Она помотала головой:
– Нет. Ты тоже?
– Не помню. Но это не важно. Уверен, каждый таксист знает. Еще бы, местная достопримечательность. Найдем… Ладно, давай укладываться. Вставать рано. Самолет, если полетит, то часов в семь, паром отправляется где-то в восемь. Ты на кровати ложись, а я тут, на диване. Только плед возьму и подушку.
Она кивнула. Молча дожевала свой бутер, сполоснула чашку в крохотной раковине, поставила на сушилку. Пошла в спальню, села на край кровати. Он вошел следом, потянул за угол покрывала.
– Дай-ка. И подушку одну брось мне.
Она потянулась за подушкой, но остановилась.
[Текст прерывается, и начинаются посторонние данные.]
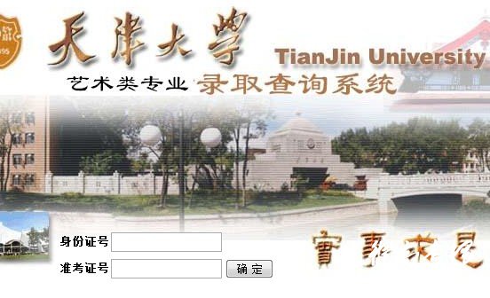 天津大学2012年艺术类考生测试成绩查询系统已开通,请点击进入艺术类查询系统,输入身份证号和准考证号进行查询。准考证号即参加我校校考时由我校编排的8位准考证号(河北考生为9位)。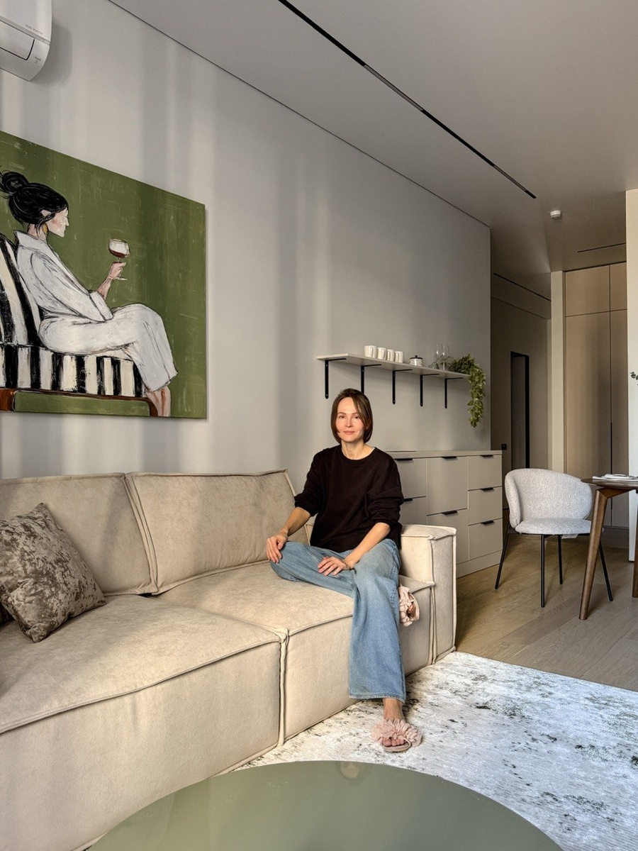 Этот легендарный ЖК много видела на билбордах, и вот оказалась в нем на комплектации. Бизнес-класс с уклоном в премиум, лобби с консьержем, потолки 3 метра, теневой плинтус, теневой натяжной потолок, двери скрытого монтажа, теплый пол в прихожей и санузлах, готовое освещение, кухня с техникой и пр. И да, именно тут местные рабочие запросили у нас 160 тысяч за перенос двух розеток))) Да, и если мы еще не знакомы: меня зовут Лена Володина, я профессионально занимаюсь инвест-ремонтами и комплектацией квартир под сдачу, а потом зачастую помогаю клиентам их выгодно сдать. Более оперативно о своих объектах рассказываю в своем телеграм-канале "Пока меня не было" и на канале в MAX. Для этого проекта я выбрала природную цветовую гамму – приглушенный зеленый, кашемир, темное дерево. От такого не устаешь, она смотрится благородно и дорого. Вот такую визуализацию предложила клиентке. Кухню от застройщика клиентка попросила “нарастить” до потолка, решили эту задачу фасадами в цвет столешницы и сте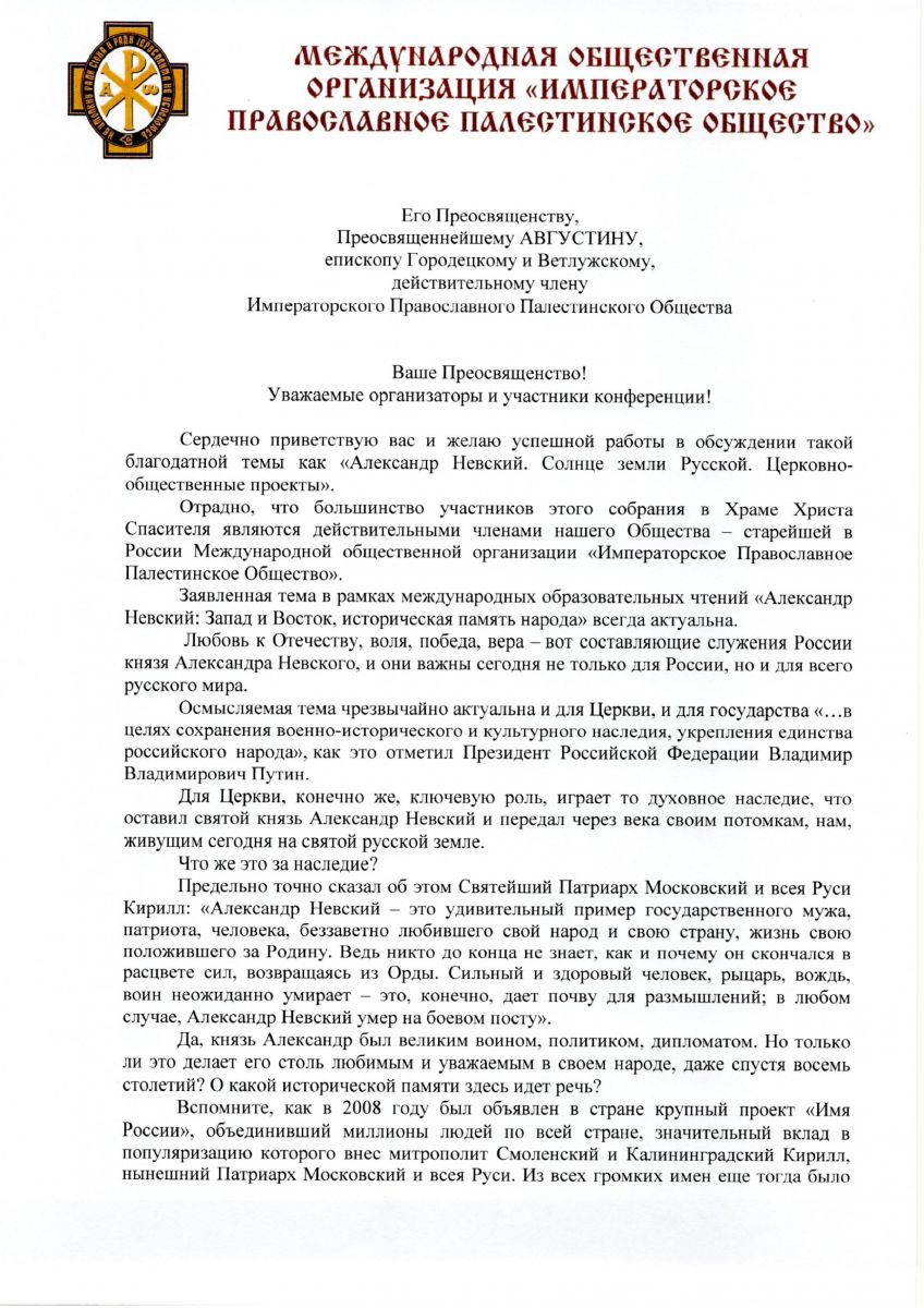 По благословению Святейшего Патриарха Московского и всея Руси Кирилла в рамках XXIХ Международных образовательных чтений «Александр Невский: Запад и Восток, историческая память народа», с целью трансляции положительного опыта миссионерской деятельности, состоится секция, организуемая Городецкой епархией.

– Не надо на диване. Ложись со мной.
Он посмотрел ей в лицо. Взгляд был долгим и серьезным, даже, пожалуй, изучающим, будто он смотрел на какое-то не вполне понятное, неизвестное насекомое, не зная, чего от него ждать.
– Уверена?
Она кивнула.
– Да? – спросил еще раз.
– Да.
Все так же глядя ей в лицо, он стянул через голову футболку. Протянув руку, щелкнул выключателем. В комнате стало темно.
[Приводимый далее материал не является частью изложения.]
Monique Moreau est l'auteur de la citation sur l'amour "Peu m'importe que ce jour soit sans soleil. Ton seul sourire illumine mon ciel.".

За приоткрытым окном стучал равнодушный дождь, океан рычал и бесился от невозможности развалить скалу, подпирающую крепость и студию, в которой мужские пальцы нежно ласкали женское тело, будто бегали по струнам. И оно, это тело, откликалось, как инструмент, настроенный именно под его руку. И вроде даже было слышно, как напевал тихий голос под аккомпанемент дождя и океана.
Моя женщина —
Моя гитара.
Под себя настроил.
Поешь и плачешь
Под моей рукою.
Дрожь струны.
Чаек летучие сны,
Ветер,
Жасминовый трепет…
Время истекло,
Вытекло.
В темное небо впиталось.
Ты осталась…
Песня…
Руки – гибкие рифмы,
Бедра – рефрен.
Ночью
Поешь во мне.
А потом, когда прозвучал последний стон – тире между возбуждением и покоем, – женщина сказала тихо, словно самой себе:
– Пять лет.
И повторила с хриплым изломом:
– Пять лет у меня не было никого. И ничего не было.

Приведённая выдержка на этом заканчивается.